In our experience over a significant sample size (on -110 average bets), 53% will keep the lights on, 54% is a good target, 55% is an excellent handicapper, 56%+ is world class. The key is to understand that going in and not set yourself up with unrealistic expectations. For perspective, we are hitting 53.6% (561 bet sample size) at average odds of -108 (51.9% break even). That 1.7% edge has produced a very respectable 4.5% ROI for our members. These are not unrealistic numbers that cannot be maintained. In fact, we think some progression could even be expected.

** Side note: If your handicapper (or your own handicapping) puts you on bets that average to -115 (1.87), your break-even is now 53.5%, -130 (1.77) 56.5%. Beware of the handicapper giving out these type of plays on average as winning percentage can look great. ROI (Return on Investment) is the best way to truly neutralize the average bet prices and unit staking per bet. We will do a full analysis on this in a future blog.

Concept 2: Draw-down

Now that we understand what a realistic long-term winning percentage is, it takes us into the second critical concept, the draw-down. The simple fact is that even profitable handicappers have bad stretches... many of them!

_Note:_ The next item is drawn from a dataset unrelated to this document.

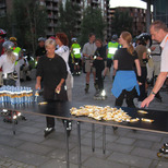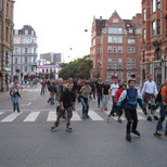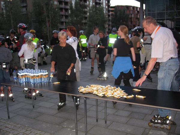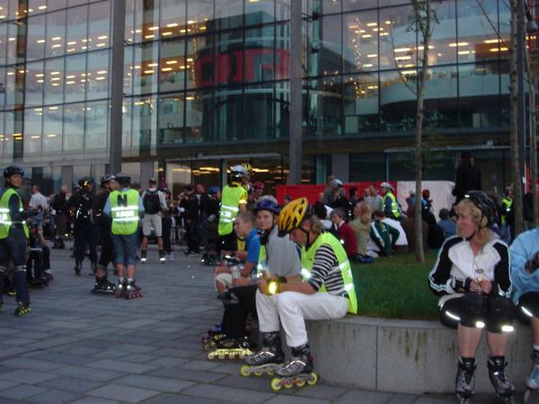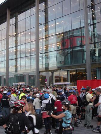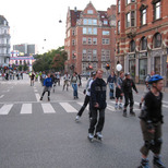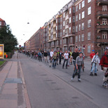 Sidste gang - d. 17. august - tog Friday Night Skate på besøg i Ørestad. Vi lavede en lille koncert i Tietgen-kollegiets gård, hvor Public Service Festivalen var i gang. 3-400 mennesker var med til at gøre denne tur ud i Ørestaden til en rigtig god aften.
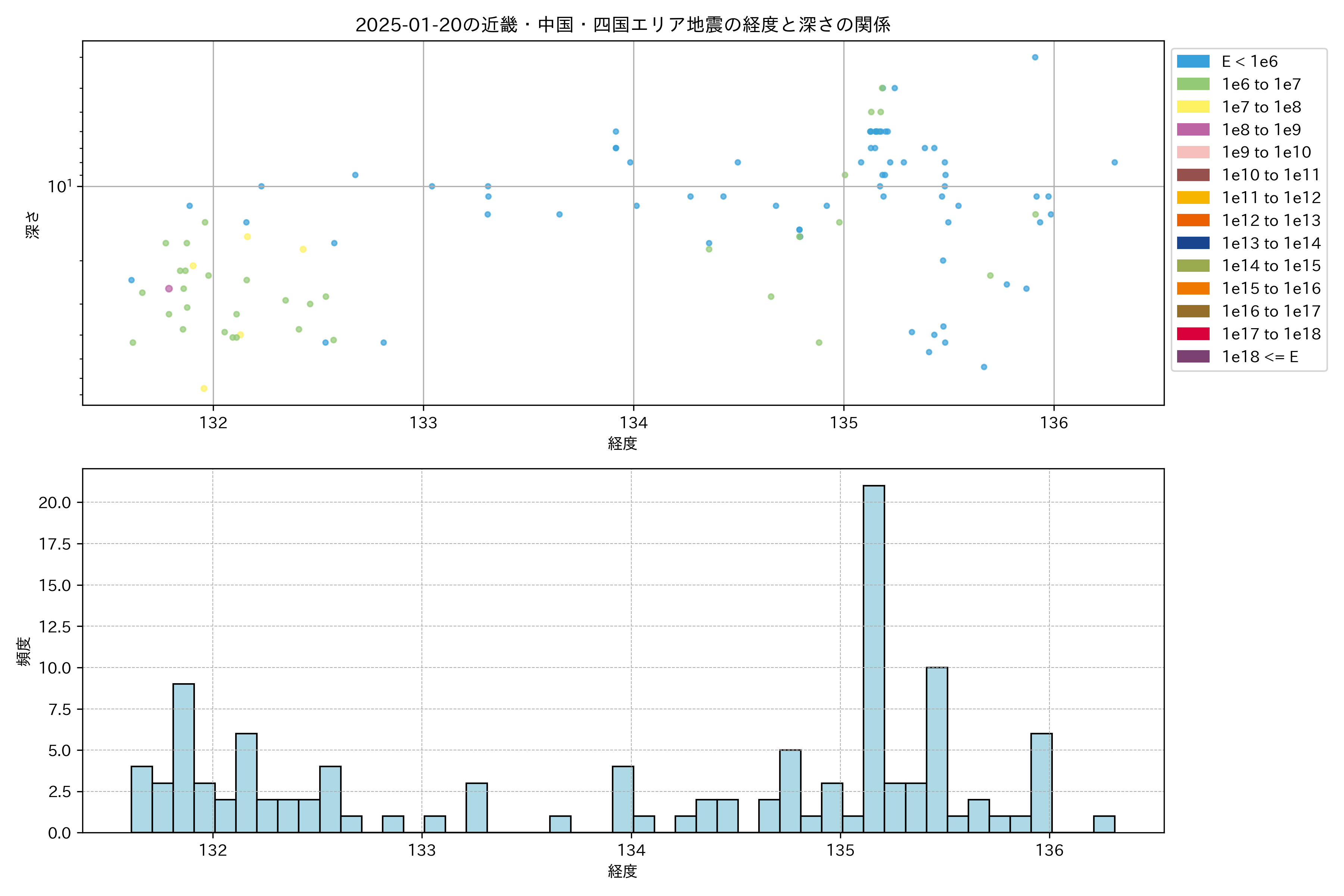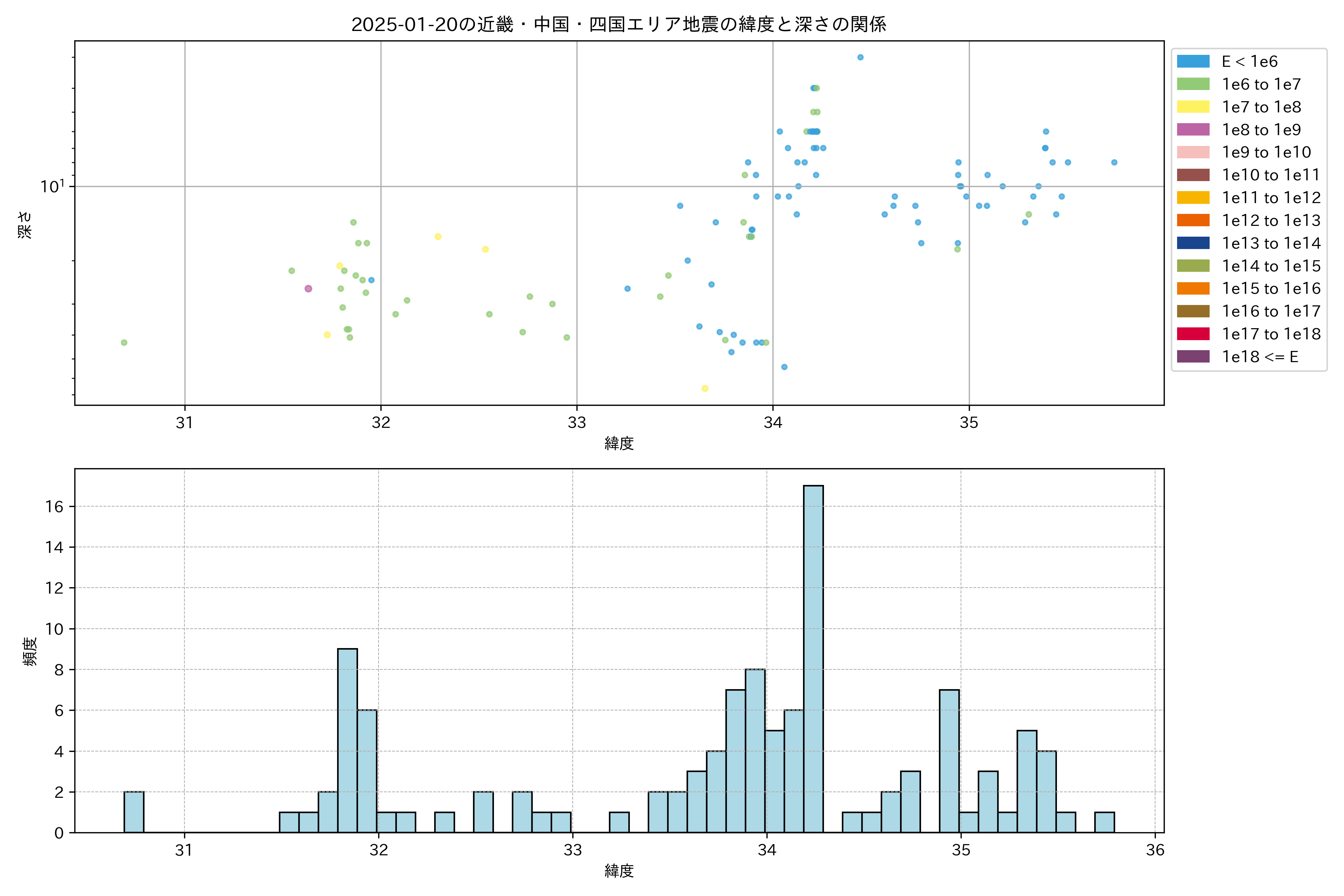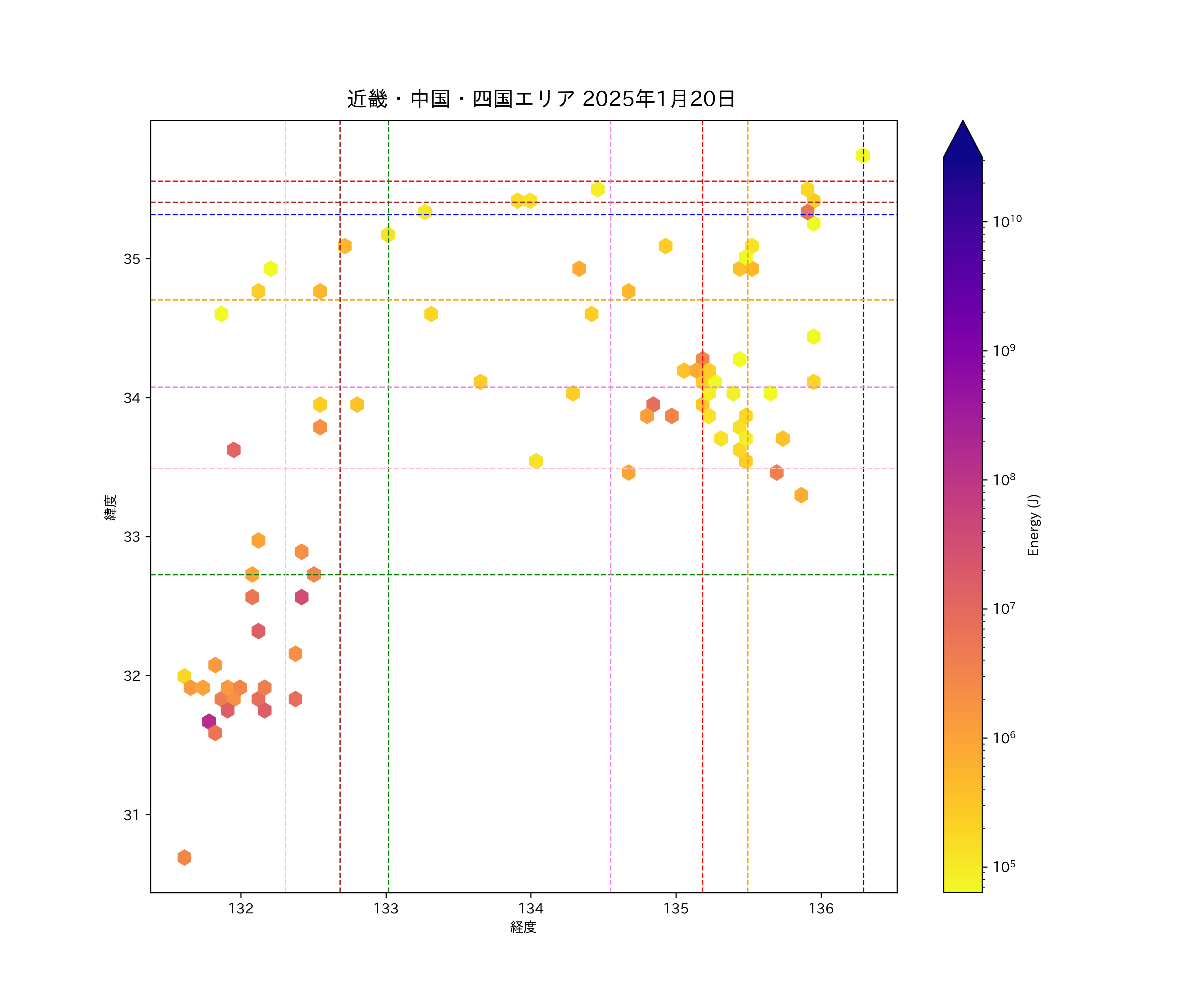 2025年01月20日近畿・中国・四国エリア震源マップ

Let's use our own plays for this example. Let's call ours a 54% win percentage (just to make the breakdown easier), it would be great if that meant for every 50 plays we went 27 - 23 and made a few units of profit. But that's not how it works. This isn't a straight linear progression. Instead we will have some 50 game samples where we go 32 - 18 (or better) and others where we go 22 - 28 (or worse). It still averages out to 54% but it's not a straight line to get to that number. The key is when those poor stretches happen, have you got the bankroll to be around for the next profitable stretch?

Here's an actual example: From December 15 - December 28 we made 51 plays. Those plays ended up 19 wins, 30 losses and 2 pushes for a 38.8% win percentage. Horrible stretch where we lost almost 13 units, but it happened. That's the draw-down. It's real and you need to be prepared for it. Despite that members are up nearly 30 units of profit! That's because progression to the average (or mean) will always come for good handicappers, but if you go broke on the draw-down, you won't be around to see it.

Far too often we see people making wagers that are far too big a percentage of their bankroll. Could you survive a 13 unit or even a 20 unit draw-down? If the answer is no, you need to rethink your unit size. Here's a chart I have created that has served me quite well.

*This chart assumes you are in bankroll building mode, trying to get to larger unit sizes over time. Also assumes fairly high betting volume, but you can adjust for your personal needs.

This might seem overly conservative, but if you're a high volume bettor across multiple sports, we think it's very appropriate. You can modify to fit your needs but do not start with less than 50 units in your bankroll. That's an absolute!

The other key thing we've learned is to set your reset dates in advance. This way you are not adjusting your bet sizes during a draw-down or a hot stretch. We can't stress this enough. In this example, we evaluate our betting unit size at the start of each quarter.

By following good bankroll strategy, you'll be in the minority among sports bettors... but you'll be around for the long-haul when others go broke or continue to make deposits!